Behind the Scenes of a Lettering Blog

When I first made the decision to start a lettering blog in 2016, I thought it would be easy. Writing comes pretty natural to me. I just pick a topic every week, write about it, and click publish. Simple!

Boy, was I wrong. Blogging is hard.

I knew I would hit some bumps in the beginning. However, here I am a year out still dealing with some of the struggles.

“There’s a million blogs out there… how could I possibly have anything different to day?”

These words will echo in the back of your mind and if you let them, they can prevent you from starting in the first place.

But the truth is no one can say things like you do. You have the ability to offer a different perspective than literally every single person on earth. 99% of people consume. You have the opportunity to be the 1% of people who create.

I firmly believe content creation to be key part of growing your audience, so this week I want to take you behind the scenes of the process I use to successfully publish regularly.

Blogging Starts Before You Write

Sitting down to write without a plan is the worst thing you can do. You’ll spin your wheels endlessly. What you end up with will simply not be as good as it could have been if you had approached it methodically.
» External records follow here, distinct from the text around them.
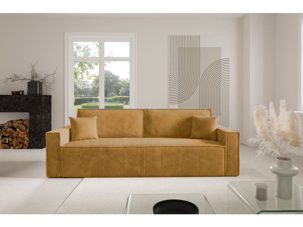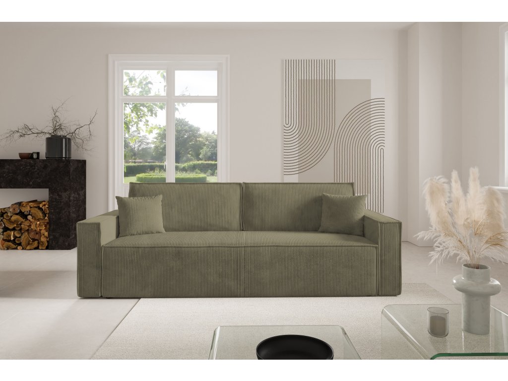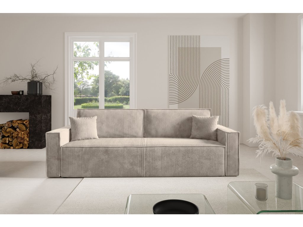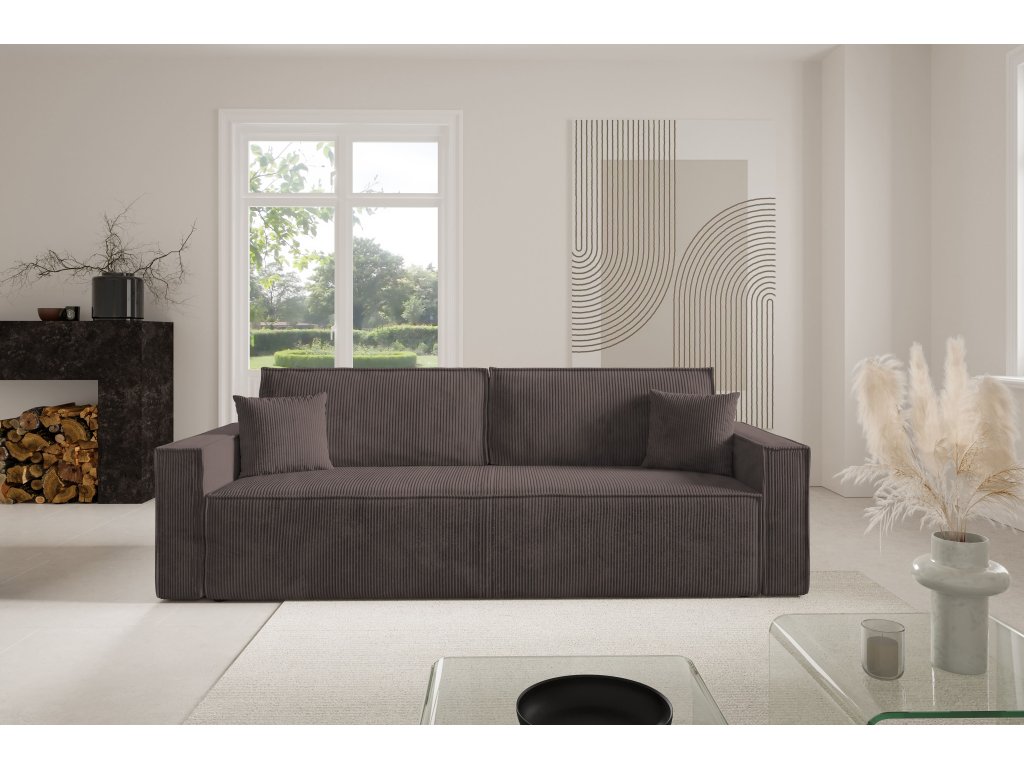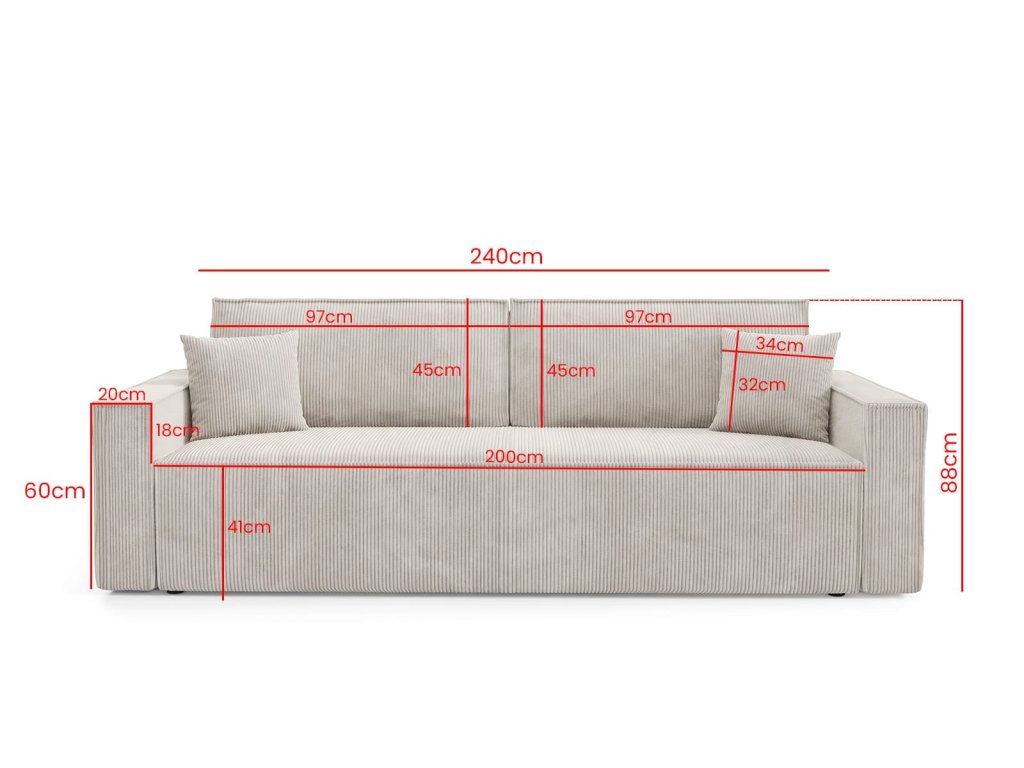 Šířka 240 cm, výška 88 cm, hloubka 79 cm. Moderní komfortní pohovka s velkým úložným prostore a funkcí spaní. Výběr z mnoha barevných variant čalounění.
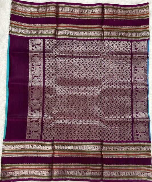 Venkatagiri Pattu Saree Turquoise Blue Colored Complemented With a magenta purple Color Kanchi Silver Zari Border
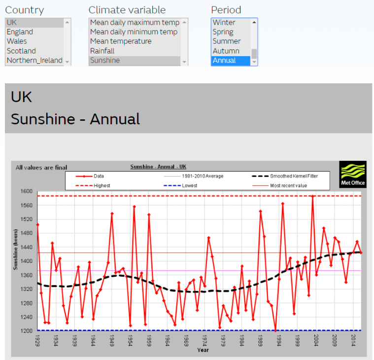 Here are three graphs. One shows the number of weather stations (half of what there used to be) and one shows the number collecting sunshine data. A 3rd graph shows what you can do with UK sunshine data.
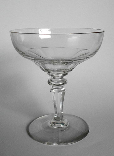 Champagneskål fra servicet "Margrethe" med indsvajet og halvt facetteret kumme på helfacetteret stilk med rund knap og flad fod. Kuglet i bund.
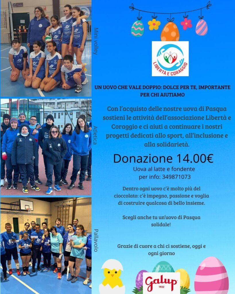 Si comunica che nelle giornate di mercoledì 25 febbraio e lunedì 9 marzo sarà possibile acquistare, nella zona antistante la Sala Congressi, delle uova di Pasqua Galup per sostenere l’associazione “Libertà e Coraggio”, che si occupa di attività sportive con ragazzi con disabilità.
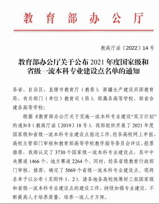 近日,教育部辦公廳發(fā)布了《關(guān)于公布 2021 年度國家級和省級一流本科專業(yè)建設(shè)點名單的通知》(教高廳函〔2022〕14號),我院材料成型及控制工程專業(yè)獲批2021年度國家一流本科專業(yè)建設(shè)點。此前,材料成型及控制工程和高分子材料與工程專業(yè)均獲批省級一流專業(yè)建設(shè)點,學(xué)院2個專業(yè)分別獲批國家級、省級一流專業(yè)建設(shè)點。
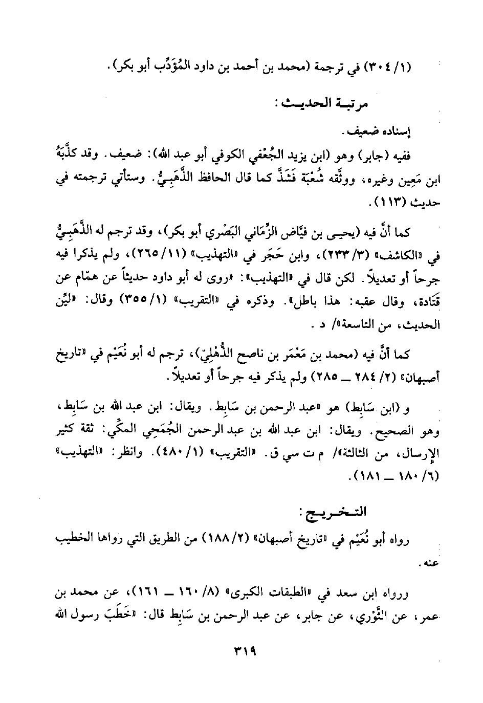 (١/ ٣٠٤) في ترجمة (محمد بن أحمد بن داود المؤَدِّب أبو بكر).
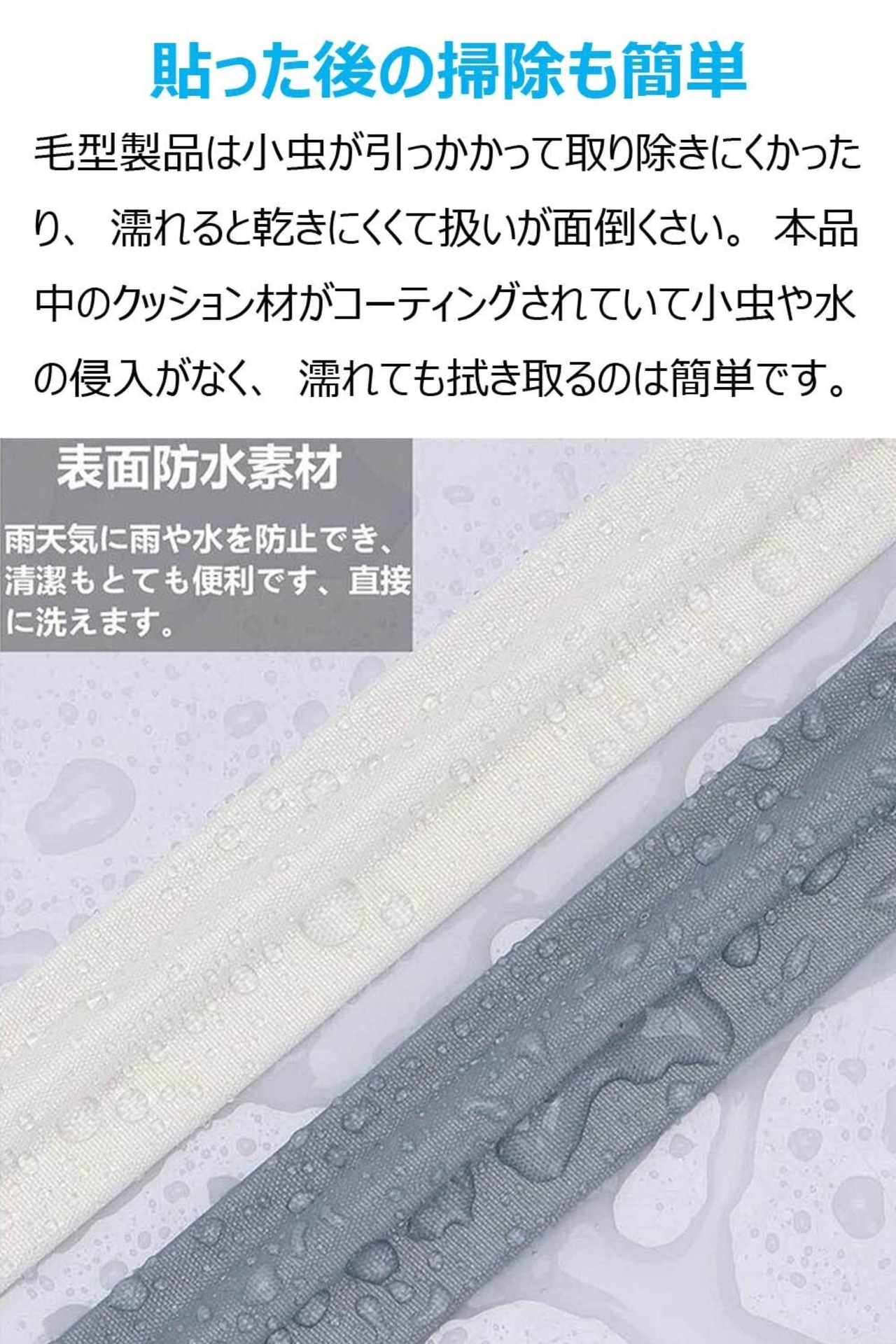 貼った後の掃除も簡単:毛型製品は小虫が引っかかって取り除きにくかったり、濡れると乾きにくくて扱いが面倒くさい。本品中のクッション材がコーティングされていて小虫や水の侵入がなく、濡れても拭き取るのは簡単です。
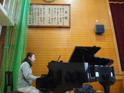 今年最後の朝会です。まずは校歌を歌います。体育館は寒い!
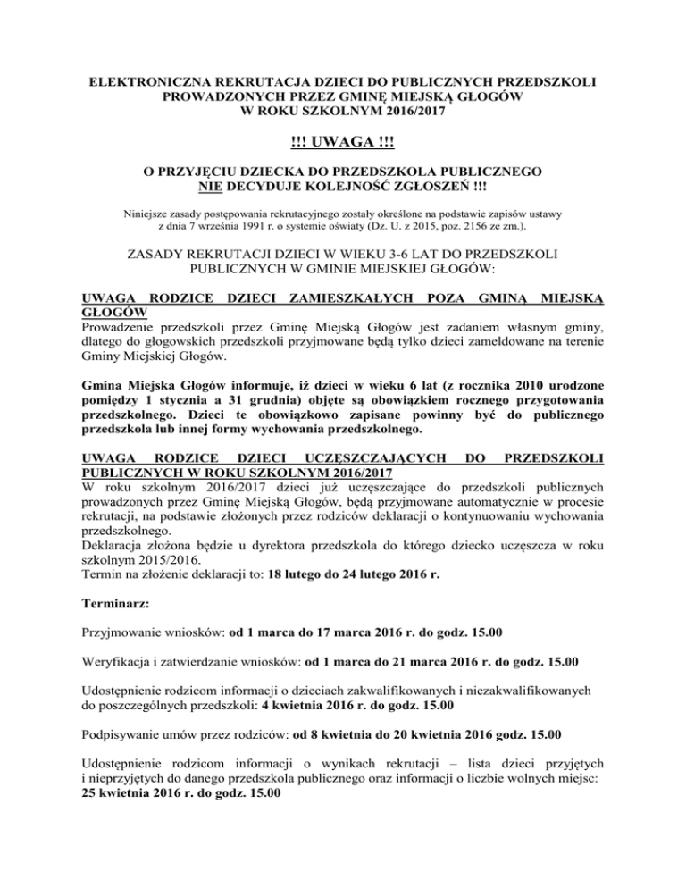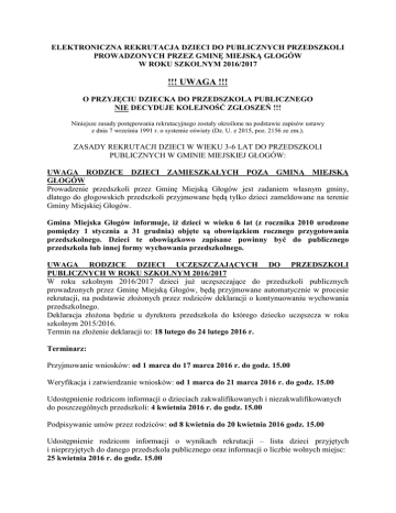 ELEKTRONICZNA REKRUTACJA DZIECI DO PUBLICZNYCH PRZEDSZKOLI PROWADZONYCH PRZEZ GMINĘ MIEJSKĄ GŁOGÓW W ROKU SZKOLNYM 2016/2017 !!! UWAGA !!! O PRZYJĘCIU DZIECKA DO PRZEDSZKOLA PUBLICZNEGO NIE DECYDUJE KOLEJNOŚĆ ZGŁOSZEŃ !!! Niniejsze zasady postępowania rekrutacyjnego zostały określone na podstawie zapisów ustawy z dnia 7 września 1991 r. o systemie oświaty (Dz. U. z 2015, poz. 2156 ze zm.). ZASADY REKRUTACJI DZIECI W WIEKU 3-6 LAT DO PRZEDSZKOLI PUBLICZNYCH W GMINIE MIEJSKIEJ GŁOGÓW: UWAGA RODZICE DZIECI ZAMIESZKAŁYCH POZA GMINĄ MIEJSKĄ GŁOGÓW Prowadzenie przedszkoli przez Gminę Miejską Głogów jest zadaniem własnym gminy, dlatego do głogowskich przedszkoli przyjmowane będą tylko dzieci zameldowane na terenie Gminy Miejskiej Głogów. Gmina Miejska Głogów informuje, iż dzieci w wieku 6 lat (z rocznika 2010 urodzone pomiędzy 1 stycznia a 31 grudnia) objęte są obowiązkiem rocznego przygotowania przedszkolnego. Dzieci te obowiązkowo zapisane powinny być do publicznego przedszkola lub innej formy wychowania przedszkolnego. UWAGA RODZICE DZIECI UCZĘSZCZAJĄCYCH DO PRZEDSZKOLI PUBLICZNYCH W ROKU SZKOLNYM 2016/2017 W roku szkolnym 2016/2017 dzieci już uczęszczające do przedszkoli publicznych prowadzonych przez Gminę Miejską Głogów, będą przyjmowane automatycznie w procesie rekrutacji, na podstawie złożonych przez rodziców deklaracji o kontynuowaniu wychowania przedszkolnego. Deklaracja złożona będzie u dyrektora przedszkola do którego dziecko uczęszcza w roku szkolnym 2015/2016. Termin na złożenie deklaracji to: 18 lutego do 24 lutego 2016 r. Terminarz: Przyjmowanie wniosków: od 1 marca do 17 marca 2016 r. do godz. 15.00 Weryfikacja i zatwierdzanie wniosków: od 1 marca do 21 marca 2016 r. do godz. 15.00 Udostępnienie rodzicom informacji o dzieciach zakwalifikowanych i niezakwalifikowanych do poszczególnych przedszkoli: 4 kwietnia 2016 r. do godz. 15.00 Podpisywanie umów przez rodziców: od 8 kwietnia do 20 kwietnia 2016 godz. 15.00 Udostępnienie rodzicom informacji o wynikach rekrutacji – lista dzieci przyjętych i nieprzyjętych do danego przedszkola publicznego oraz informacji o liczbie wolnych miejsc: 25 kwietnia 2016 r. do godz. 15.00 Rekrutacja uzupełniająca: od 3 czerwca 2016 r. do wyczerpania wolnych miejsc Informacja o wszystkich publicznych przedszkolach znajduje się w Informatorze. Ważne pojęcia: „Przedszkole pierwszego wyboru” – tak określamy przedszkole, do którego chcecie Państwo zapisać dziecko w pierwszej kolejności „Wniosek rekrutacyjny” – to karta zapisu do wypełnienia przez rodziców/opiekunów prawnych przy zapisywaniu dziecka do przedszkola. Etap wstępny – informator Od dnia 1 marca 2016 r. na stronie internetowej dla rodziców dostępny jest informator zawierający ofertę przedszkoli, znajdujących się na terenie Gminy Miejskiej Głogów. Rodzice mają możliwość przeglądania ofert przedszkoli, w których znajdują się takie informacje jak: dane teleadresowe przedszkola, liczba miejsc w przedszkolu, oferta edukacyjna przedszkola, opis przedszkola oraz jego historia. 1. Wypełnienie Wniosku rekrutacyjnego dziecka do placówki - Elektroniczna rekrutacja do przedszkoli trwa od dnia 1 do 17 marca 2016 r. do godz. 15.00, obejmuje wprowadzanie danych dzieci do systemu i złożenie Wniosku Rekrutacyjnego dziecka do przedszkola. - Aby dziecko wzięło udział w rekrutacji, rodzic jest zobowiązany do wypełnienia Wniosku Rekrutacyjnego dziecka do placówki. We Wniosku Rekrutacyjnym rodzic deklaruje wybór maksymalnie 3 placówek, do których stara się o przyjęcie dziecka. 2. Dwa sposoby składania podań przez rodziców: 1) Rodzic może wypełnić Wniosek Rekrutacyjny elektronicznie poprzez stronę internetową, a następnie wydrukować wypełniony Wniosek. Wypełnione podanie należy podpisać, a następnie udać się do przedszkola pierwszego wyboru w celu złożenia Wniosku. Wniosek Rekrutacyjny rodzic składa tylko w placówce pierwszego wyboru, bez konieczności potwierdzania Wniosku w pozostałych placówkach. 2) Jeżeli rodzic nie ma możliwości skorzystania z komputera z dostępem do Internetu, wypełnia ręcznie papierowy Wniosek Rekrutacyjny (można go otrzymać w każdym przedszkolu) i udaje się jedynie do placówki pierwszego wyboru (czyli przedszkola znajdującego się na pierwszym miejscu na liście przedszkoli, do którego stara się o przyjęcie dziecka) w celu złożenia Wniosku. Wypełniając „Wniosek Rekrutacyjny” należy wskazać placówkę, do którego chcecie Państwo zapisać dziecko jako „przedszkole pierwszego wyboru”. Można dodatkowo wpisać dwie inne placówki, które będą brane pod uwagę w przypadku, gdyby Państwa dziecko nie zostało przyjęte do „przedszkola pierwszego wyboru”. Dyrektor „przedszkola pierwszego wyboru” lub osoba przez Niego upoważniona, przed zatwierdzeniem Państwa podania, poprosi o przedstawienie dokumentów w celu weryfikacji danych zapisanych we „Wniosku Rekrutacyjnym”. 3. Potwierdzanie wniosku przez rodzica w przedszkolu pierwszego wyboru: Jeśli rodzic wypełni wniosek za pośrednictwem strony internetowej, to jego wniosek zostanie zapisany automatycznie w systemie. Rodzic z wersją papierową wniosku musi koniecznie udać się osobiście do przedszkola pierwszego wyboru i potwierdzić Wniosek Rekrutacyjny najpóźniej do dnia 21 marca 2016r. do godz. 15.00. Po zatwierdzeniu wniosku przez właściwe przedszkole, rodzic ma możliwość przeglądania wniosku przez Internet, jednakże bez możliwości jego edycji. W przypadku gdy rodzic wypełnia wniosek w formie papierowej, wniosek do systemu wprowadza przedszkole pierwszego wyboru. Rodzic otrzymuje hasło dostępu do systemu i w każdej chwili może sprawdzić poprawność danych w systemie oraz w późniejszym etapie (wynik rekrutacji). 4. Rekrutacja automatyczna: Kolejnym etapem jest automatyczna rekrutacja dzieci do przedszkoli. Oznacza to, iż system p
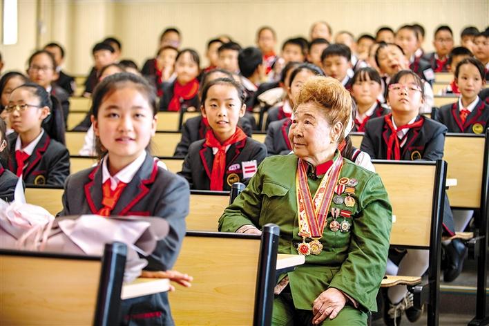 圖為抗美援朝老戰(zhàn)士楊秀珍與云大附中星耀學(xué)校小學(xué)部師生一同參加抗美援朝英雄故事分享會(huì)。新華社記者 江文耀 攝
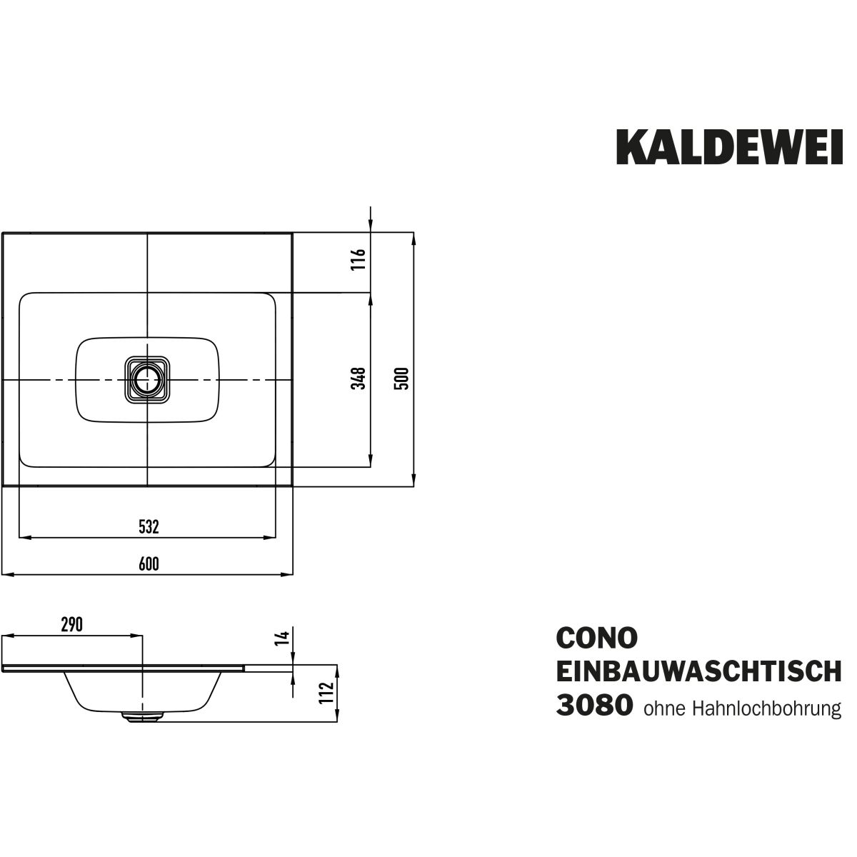 Kaldewei Cono umyvadlo 60x50 cm obdélníkový zápustný bílá 901606003001

Having a list of topics is a must. Show up regularly and write on a topic you’ve already thought through. And if you can schedule those topics with an editorial calendar, your content creation becomes automatic.

List of scheduled topics

Spend a day each month coming up with topics. For each one of these topics, write a couple of bullet points. And when the time comes to actually write the post, these bullets can be used as an outline.

Finding the Right Topics

If you have a lettering blog, you need to blog about topics that lettering artists can relate to.

What do you know that someone else who is not yet at your level might not? These are things you should be writing about.

There are countless aspects of lettering. Tools, resources, working with clients, process, documenting work, different styles, etc. These are all categories you can create topics around.

Start with creating a topic mind map. Draw a line from the center to each one of these categories and brainstorm potential topics within that category.

A mind map of potential blog topics

You might be able to sit down and immediately think of 100 topics. However, chances are some ideas are going to randomly come to mind when you’re doing other things. Be sure to write all of your ideas down so you have always have a list to draw from.

Validating a Topic

Listening to your audience should be your first priority. If you can address their struggles and teach them what they want to know, they’ll become loyal consumers of your content.

Reach out to one of your followers right now and ask them what they’re struggling with. If you don’t have an audience yet, seek out someone who does. Look at their their posts and see what kind of questions their audience members are asking.

For example, I follow several brush lettering artists. Every time they post, someone asks what kind of brush pen they’re using. This prompted me to do an extensive post about brush pens. This is quickly becoming one of my more popular posts.

If you publish content with the answers people need, they will find you. When you are developing a topic, ask yourself what someone who clicks on your post is hoping to walk away with. Then deliver that value.

The Writing Process

Writing is much easier when you have a topic! Sitting down without having to do any guesswork allows you to dive right in.

However, it’s important to write with a strategy. If you picked a topic from your editorial calendar that already has some bullet points outlined, getting started is much easier. You should already know what the takeaway of your post is going to be, so make sure the writing is a linear path to that end point.

Write. Then Edit.

Don’t edit as you write. Let me say this again.

Don’t edit as you write.

Give yourself the permission to say things imperfectly. I cannot underscore how much faster your post will come to life if you don’t edit until after you’ve finished writing.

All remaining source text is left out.